Ruhen in russischer Erde in Berlin
Der heutige Verwalter Michail Diwakow hat seit 1973 schon viele Verstorbene nach orthodoxem Ritus zu Grabe getragen: "Das Wichtigste war natürlich, dass er es geschafft hat, russische Erde mitzubringen. Er hat die Erde mit der Eisenbahn transportiert und hier auf diesem Friedhof verteilt. Deswegen schätzen die russischen Leute diesen Friedhof sehr."

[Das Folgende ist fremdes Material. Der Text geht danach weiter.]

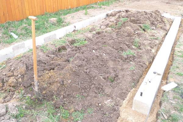 - the gap between the brick or wooden foundation and the walls of the trench is covered with gravel.
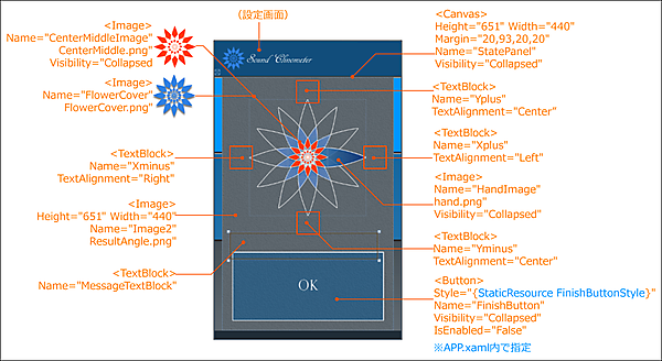 結果表示ウィンドウのレイアウト(MyClinometer.xaml)
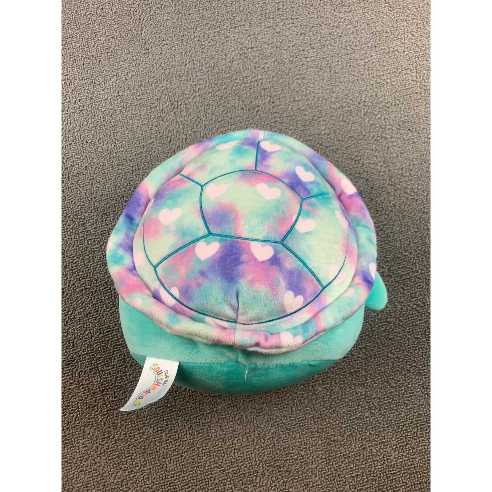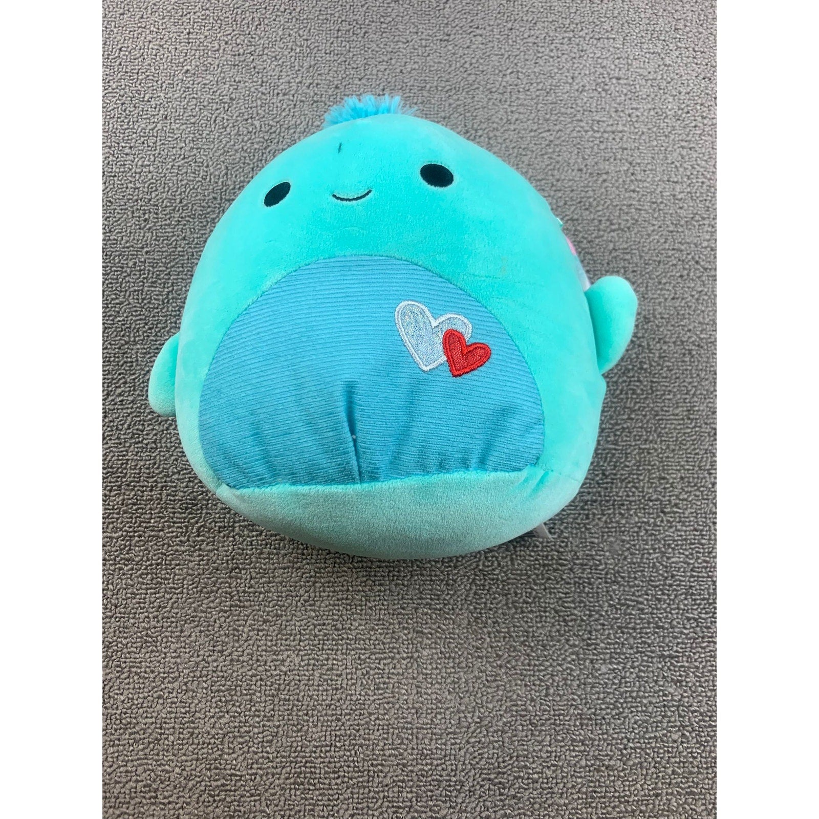 Original Squishmallows plush in teal blue with embroidered double heart patch detail. Super soft and huggable design—perfect for cuddling, collecting, or gifting.
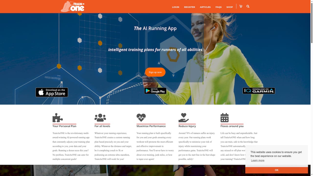 TrainAsONE delivers AI driven personalized training plans that adapt in real time based on your input and performance. It supports multiple goals simultaneously, emphasizes injury prevention, offers weather and elevation workout adjustments on the paid plan, and connects with Garmin Strava and Fitbit.
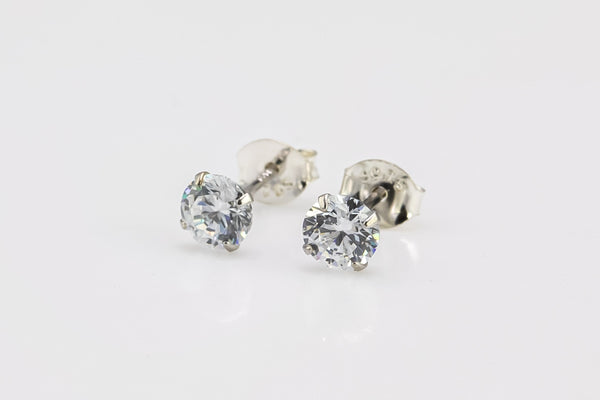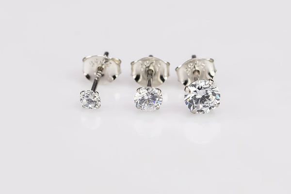 Classic Diamond Earrings • Round Diamond Solitaire Stud in White Gold Sterling Silver • Minimalist Earrings • Infinity Setting • Wholesale

Die in kyrillischer Buchstaben geschriebenen Namen auf den meist einfachen, durch Porträts individualisierten Grabsteine lesen sich wie eine Ahnengalerie des versunkenen Russland: Nach 1920 flohen viele adlige und bürgerliche Russen vor den Bolschewiki und bereicherten das Berliner Geistesleben.
Buddha aus Marmor
Im Sommer 2004 hat die vietnamesisch-buddhistische Gemeinde, die größte Gruppe der in Berlin lebenden Buddhisten, ein eigenes Gräberfeld eingerichtet: Rund 20.000 Buddhisten wohnen gegenwärtig in der Hauptstadt, vor allem Vietnamesen. Das neue Gelände hat die Größe eines halben Fußballfeldes und ist mit frischem Rasen bedeckt.

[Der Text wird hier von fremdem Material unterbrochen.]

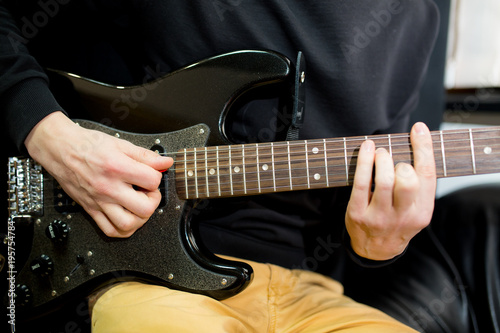 Guy plays guitar close up.
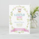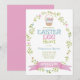 Easter Egg Hunt Invitation with pastel colors and pretty floral oval wreath and Easter egg basket.
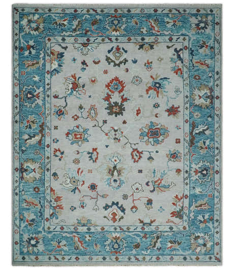 Antique Silver Hand knotted Traditional Multi Size Oushak Wool area Rug
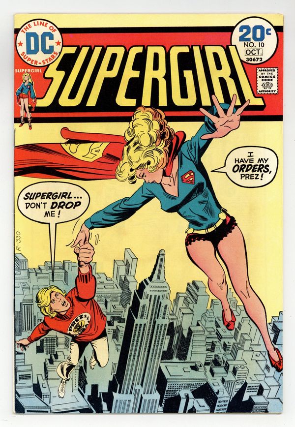 Tags: Superman$29.00Cover art by Bob Oksner. Death of a Prez!, script by Cary Bates, pencils by Art Saaf, inks by Vince Colletta; Supergirl must save Prez from three assassination attempts, including one from herself. Her Brother's Keeper!, script by Cary Bates, pencils by Art Saaf, inks by Vince Colletta; A mad scientist creates a male clone of Supergirl, and uses him to rob banks. 36 pgs. $0.20. Cover price $0.20.
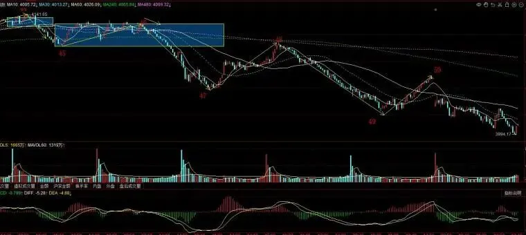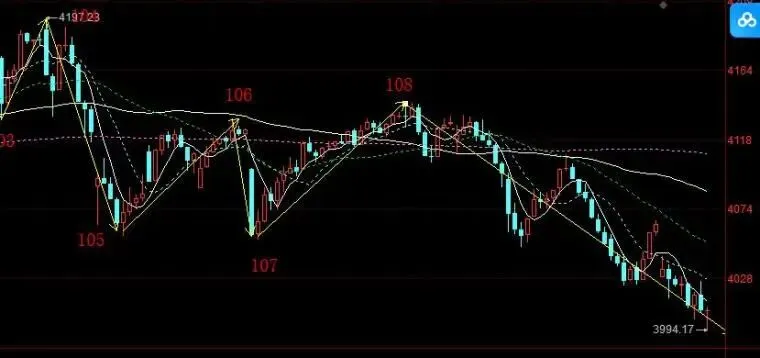 早盘直接下跌,5分钟第五笔下跌走势,尾盘跌破了4000点
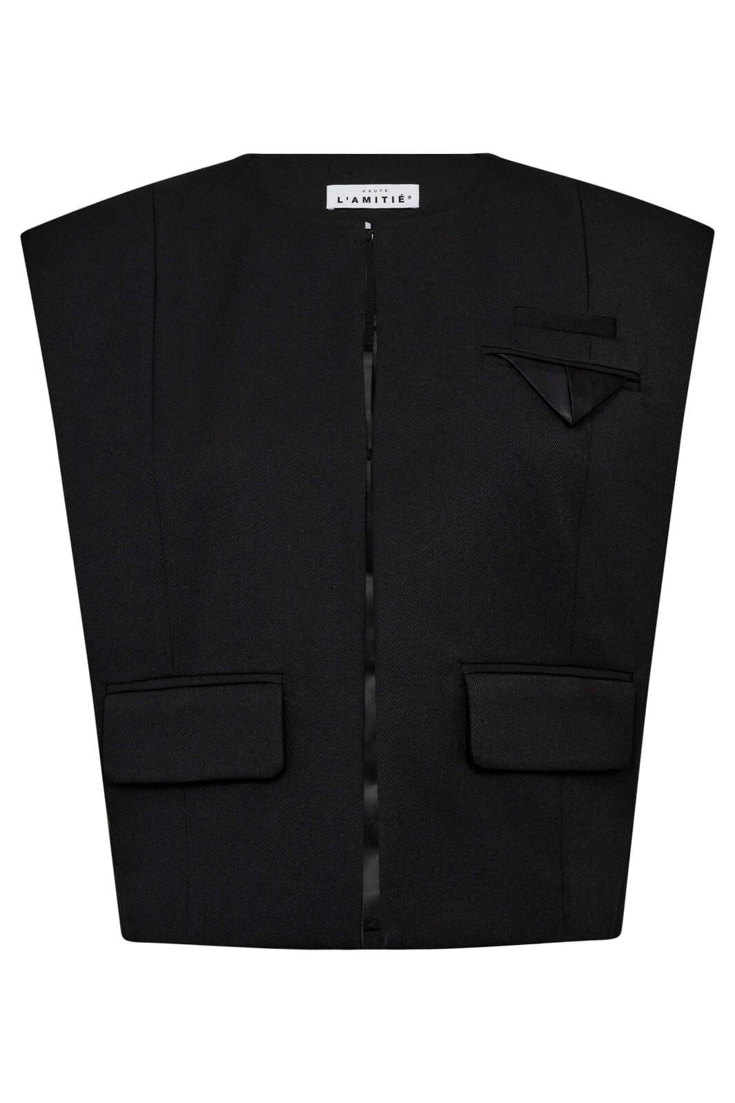 Zwarte vest van Haute L'Amitié met een minimalistisch ontwerp. De vest heeft een strakke silhouet met praktische zakken aan de voorkant en een goede pasvorm.

In Ruhleben sind viele Buddhisten zu Hause, und im Tempel im nahen Spandau zelebriert die Gemeinde ihre Rituale. Deshalb hat sie sich um ein Terrain auf dem landeseigenen Friedhof Ruhleben beworben. Über den Gräbern thront der Erleuchtete mit einem fackelähnlichen Hirtenstab in der Hand - eine über vier Meter hohe Buddhastatue aus glänzendem weißem Marmor, wie sie sich traditionell auf jedem buddhistischen Friedhof findet.

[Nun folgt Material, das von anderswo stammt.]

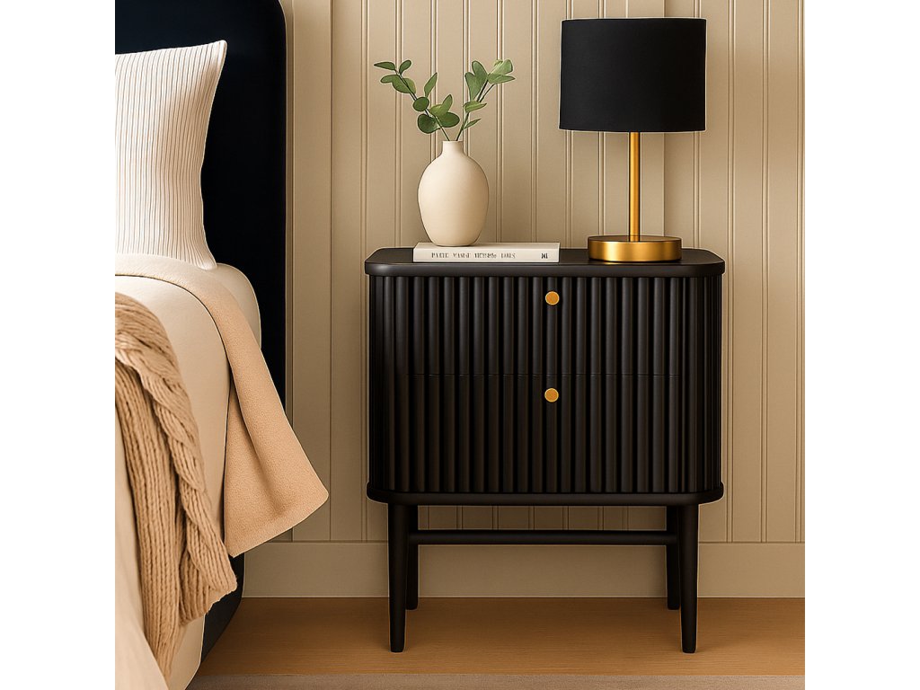 Nadčasový design: Noční stolek má zaoblenou siluetu a jemnou žebrovanou texturu pro moderní a sofistikovaný vzhled.

"Diese Statue ist die Statue vom Buddha Bodhisattwa", erläutert Nguyen Dinh-Tung von der vietnamesisch-buddhistischen Gemeinde. "Er hat gesagt, er wolle alle Seelen, die nach dem Tod die Bestimmung ihres Daseins nicht finden, zum Reich des Buddhas führen". Davor steht, anstelle des üblichen Altars, eine mit Lotusblumen und Tiersymbolen verzierte große Opferschale. Darin glimmen nicht nur während der drei im Jahr festgelegten Totenfeiern Räucherstäbchen.
Keine einsamen Toten
Der Körper des Toten ist nach buddhistischem Glauben unwichtig. Allerdings soll er innerhalb weniger Tage begraben sein. Nicht nur durch brennende Räucherstäbchen und Früchte als Opfergaben, sondern auch durch die Porträts auf den Steinen wirken die Gräber lebendig. Und sie sind gepflegt, denn die ganze Gemeinde fühlt sich verantwortlich. So wird kein Buddhist nach seinem Tod in die Einsamkeit entlassen.